(What is expected) All of the entries below need repeating exactly, apart from their images.

(Source data)

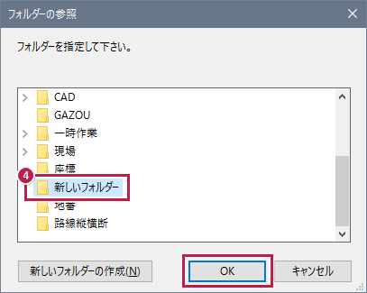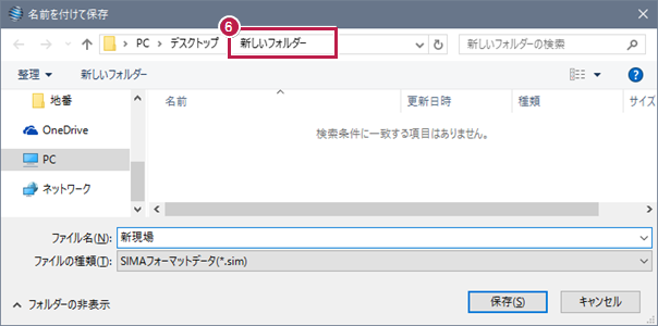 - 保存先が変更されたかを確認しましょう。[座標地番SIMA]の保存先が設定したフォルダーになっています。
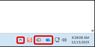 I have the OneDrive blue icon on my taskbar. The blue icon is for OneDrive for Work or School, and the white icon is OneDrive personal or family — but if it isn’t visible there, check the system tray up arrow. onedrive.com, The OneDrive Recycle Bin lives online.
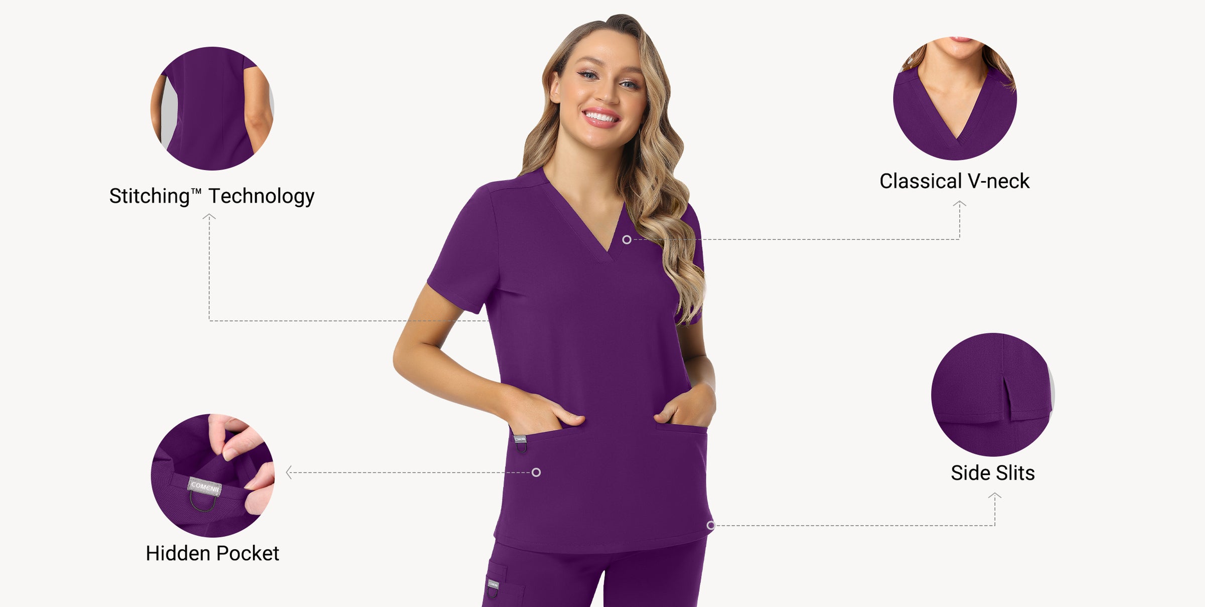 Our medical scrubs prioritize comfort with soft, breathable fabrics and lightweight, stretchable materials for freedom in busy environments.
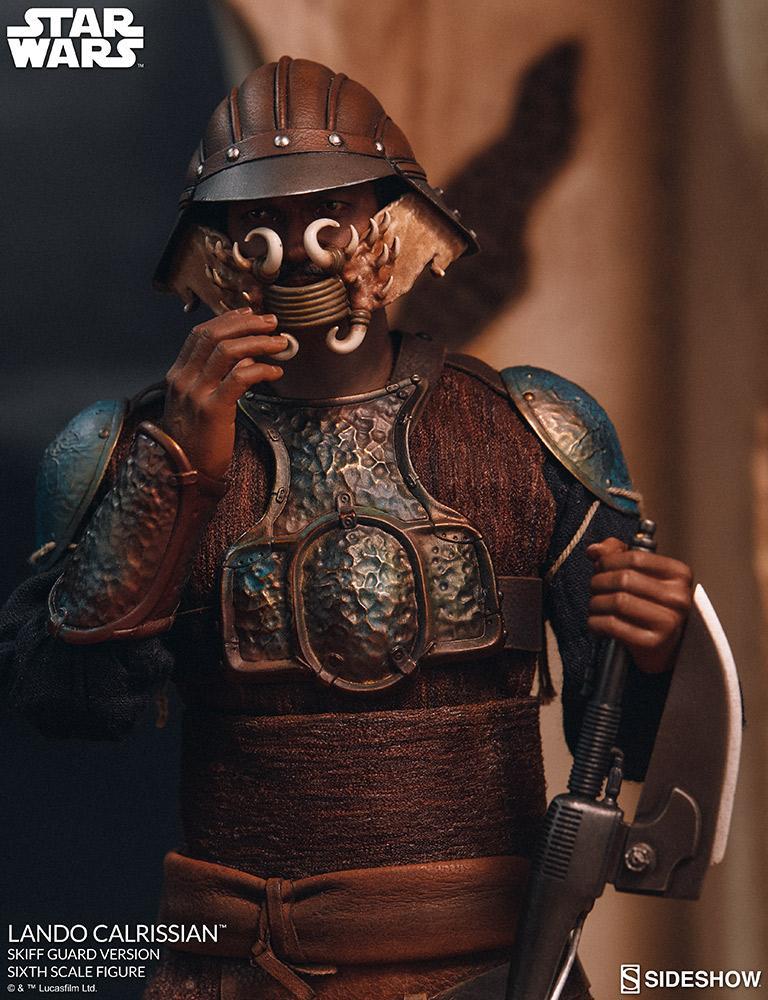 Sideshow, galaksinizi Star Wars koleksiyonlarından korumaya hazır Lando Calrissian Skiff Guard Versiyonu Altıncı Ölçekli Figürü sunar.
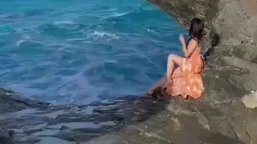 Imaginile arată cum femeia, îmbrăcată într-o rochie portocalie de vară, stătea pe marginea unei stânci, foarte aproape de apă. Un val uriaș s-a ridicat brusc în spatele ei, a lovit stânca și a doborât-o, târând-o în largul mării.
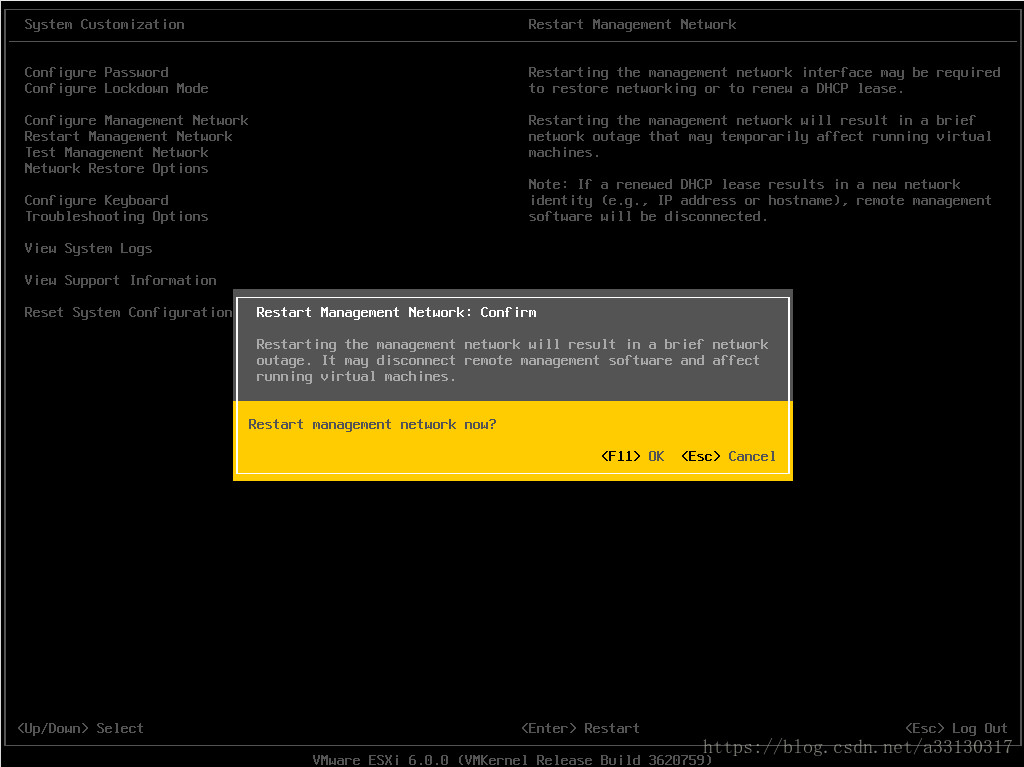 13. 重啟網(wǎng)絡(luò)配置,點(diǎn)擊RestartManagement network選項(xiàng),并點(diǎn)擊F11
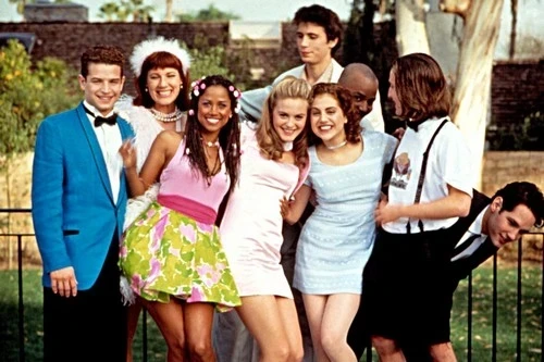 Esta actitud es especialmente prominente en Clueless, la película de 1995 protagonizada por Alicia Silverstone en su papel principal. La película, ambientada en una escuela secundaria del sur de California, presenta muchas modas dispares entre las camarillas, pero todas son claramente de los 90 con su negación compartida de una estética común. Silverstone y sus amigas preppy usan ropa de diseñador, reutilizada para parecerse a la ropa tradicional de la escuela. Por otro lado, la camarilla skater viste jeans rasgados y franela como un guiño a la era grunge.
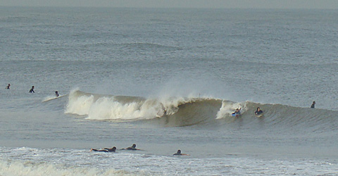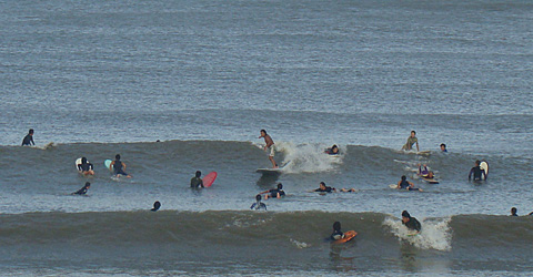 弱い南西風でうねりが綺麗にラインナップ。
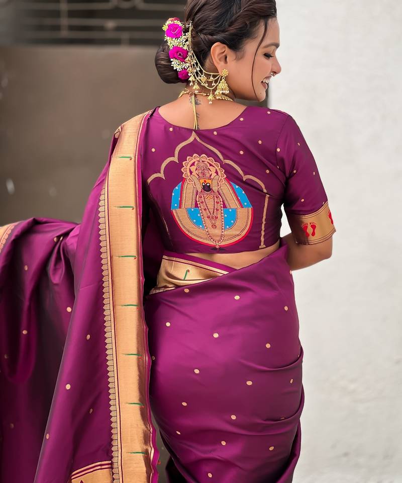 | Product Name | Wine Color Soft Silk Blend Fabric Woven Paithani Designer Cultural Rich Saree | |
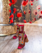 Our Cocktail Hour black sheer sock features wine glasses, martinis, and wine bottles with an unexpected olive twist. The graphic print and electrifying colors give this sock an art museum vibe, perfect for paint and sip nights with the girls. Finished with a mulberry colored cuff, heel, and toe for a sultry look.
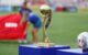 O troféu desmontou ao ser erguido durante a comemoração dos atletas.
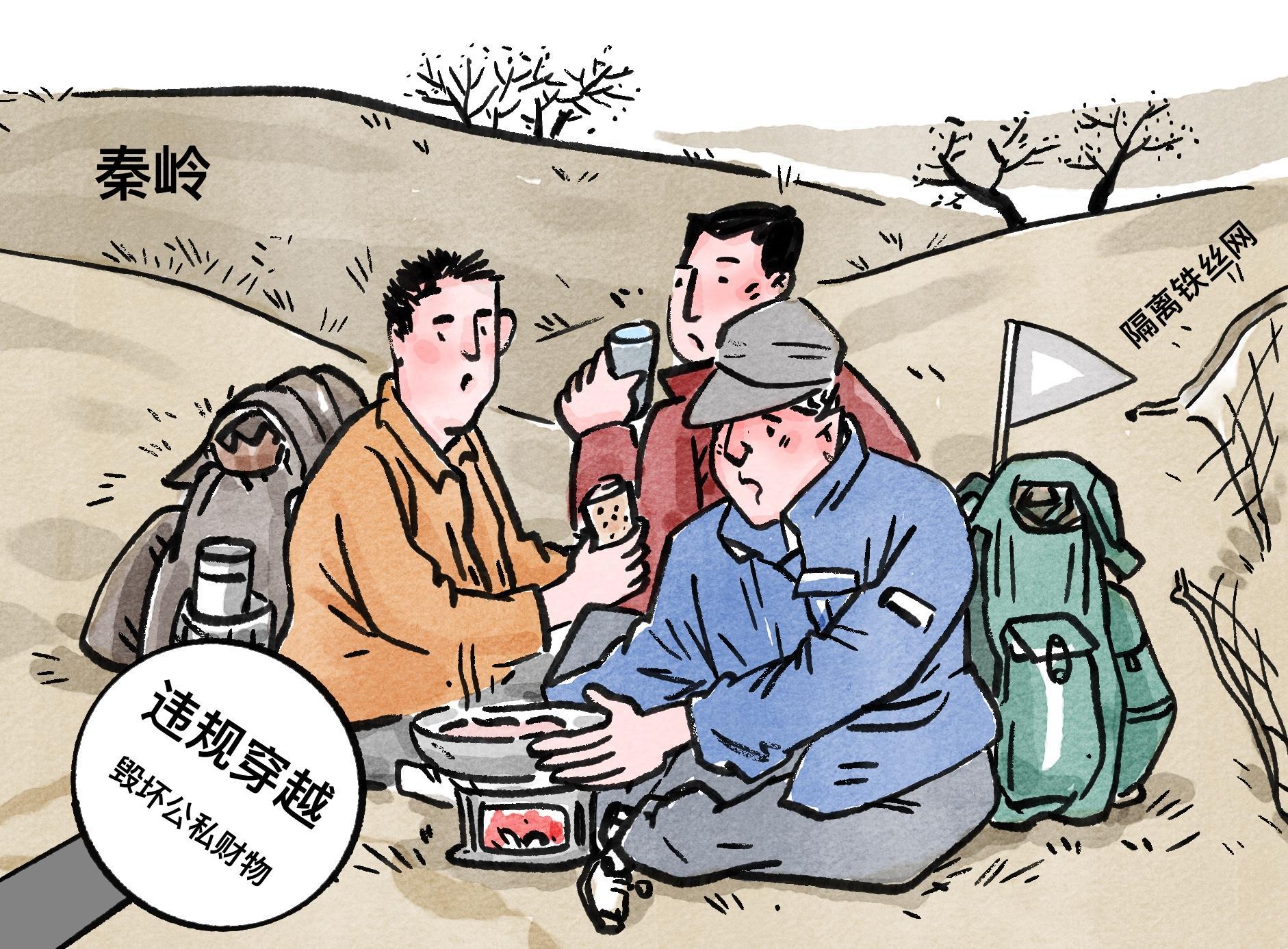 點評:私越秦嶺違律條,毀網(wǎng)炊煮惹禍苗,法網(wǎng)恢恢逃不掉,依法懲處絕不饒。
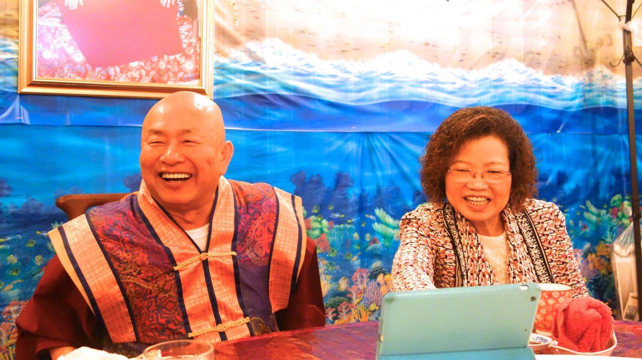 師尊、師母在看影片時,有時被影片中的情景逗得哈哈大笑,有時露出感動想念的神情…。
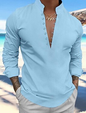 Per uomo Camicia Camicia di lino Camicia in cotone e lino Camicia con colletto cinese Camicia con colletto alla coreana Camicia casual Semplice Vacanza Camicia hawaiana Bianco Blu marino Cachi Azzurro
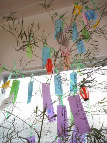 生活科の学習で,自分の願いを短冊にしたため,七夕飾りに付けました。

(Solution to the problem)
 - 保存先が変更されたかを確認しましょう。[座標地番SIMA]の保存先が設定したフォルダーになっています。
 I have the OneDrive blue icon on my taskbar. The blue icon is for OneDrive for Work or School, and the white icon is OneDrive personal or family — but if it isn’t visible there, check the system tray up arrow. onedrive.com, The OneDrive Recycle Bin lives online.
 Our medical scrubs prioritize comfort with soft, breathable fabrics and lightweight, stretchable materials for freedom in busy environments.
 Sideshow, galaksinizi Star Wars koleksiyonlarından korumaya hazır Lando Calrissian Skiff Guard Versiyonu Altıncı Ölçekli Figürü sunar.
 Imaginile arată cum femeia, îmbrăcată într-o rochie portocalie de vară, stătea pe marginea unei stânci, foarte aproape de apă. Un val uriaș s-a ridicat brusc în spatele ei, a lovit stânca și a doborât-o, târând-o în largul mării.
 13. 重啟網(wǎng)絡(luò)配置,點(diǎn)擊RestartManagement network選項(xiàng),并點(diǎn)擊F11
 Esta actitud es especialmente prominente en Clueless, la película de 1995 protagonizada por Alicia Silverstone en su papel principal. La película, ambientada en una escuela secundaria del sur de California, presenta muchas modas dispares entre las camarillas, pero todas son claramente de los 90 con su negación compartida de una estética común. Silverstone y sus amigas preppy usan ropa de diseñador, reutilizada para parecerse a la ropa tradicional de la escuela. Por otro lado, la camarilla skater viste jeans rasgados y franela como un guiño a la era grunge.
 弱い南西風でうねりが綺麗にラインナップ。
 | Product Name | Wine Color Soft Silk Blend Fabric Woven Paithani Designer Cultural Rich Saree | |
 Our Cocktail Hour black sheer sock features wine glasses, martinis, and wine bottles with an unexpected olive twist. The graphic print and electrifying colors give this sock an art museum vibe, perfect for paint and sip nights with the girls. Finished with a mulberry colored cuff, heel, and toe for a sultry look.
 O troféu desmontou ao ser erguido durante a comemoração dos atletas.
 點評:私越秦嶺違律條,毀網(wǎng)炊煮惹禍苗,法網(wǎng)恢恢逃不掉,依法懲處絕不饒。
 師尊、師母在看影片時,有時被影片中的情景逗得哈哈大笑,有時露出感動想念的神情…。
 Per uomo Camicia Camicia di lino Camicia in cotone e lino Camicia con colletto cinese Camicia con colletto alla coreana Camicia casual Semplice Vacanza Camicia hawaiana Bianco Blu marino Cachi Azzurro
 生活科の学習で,自分の願いを短冊にしたため,七夕飾りに付けました。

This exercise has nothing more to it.